The security risks occur primarily at two levels: at the virtual machine manager (VMM) layer where the host OS resides, and at the virtual machine instance layer where the guest OSes reside. Misconfiguration can occur in both layers that would allow security risks to be uncontrolled and unmitigated.
The fact is that when done manually, setting configurations properly is tedious, slow and error-prone. As information security practitioners, our goal should be to ensure that all configuration settings at the VMM and guest OS layers are properly defined, implemented and verified. There’s already lots of great guidance on how to do this from respected third parties and vendors, including Center for Internet Security, VMware, and so forth.
And of course, because we are appropriately paranoid, we must "trust, but verify." This is where you need automated tools to help achieve and maintain known and trusted states, so you can find variance and quickly fix it. Information security will own parts of these settings, but where they don’t, they need to hold the relevant parties accountable for ensuring that their portions of the infrastructure are locked down (e.g., VMM manager, servers, networks, databases, applications, etc.)
Incidentally, information security can’t do any of this they’re not aware that virtualization is being used.

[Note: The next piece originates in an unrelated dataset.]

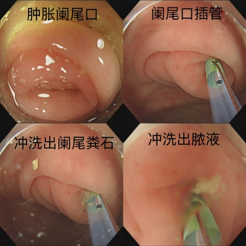 袁子杰副主任医师介绍,急、慢性阑尾炎是儿童最常见疾病之一, 如食物残渣、粪石、淋巴滤泡增生等堵塞阑尾腔,使腔内压力升高产生腹痛,容易继发细菌感染导致阑尾炎。传统上阑尾炎的治疗以手术切除为主,ERAT的应用将解除大部分患儿手术及麻醉的风险。ERAT通过肠镜阑尾插管迅速降低阑尾腔内压力,清除腔内粪石及异物、支架置入及引流以清除炎症;具有安全、成功率高、不留疤痕、迅速缓解疼痛症状、成功保留阑尾、住院费用低、住院时间短等优势。

This requires some situational awareness, so some sleuthing around may be required to even find out where virtualization is being used, and by whom.
Thanks for taking the time to share with us and contributing to the thought leadership series on the security laboratory Gene and congratulations of the birth of your first son Reid, he looks just like you, though a tad smaller! I can't wait to see how long it takes till you give him his first composition book!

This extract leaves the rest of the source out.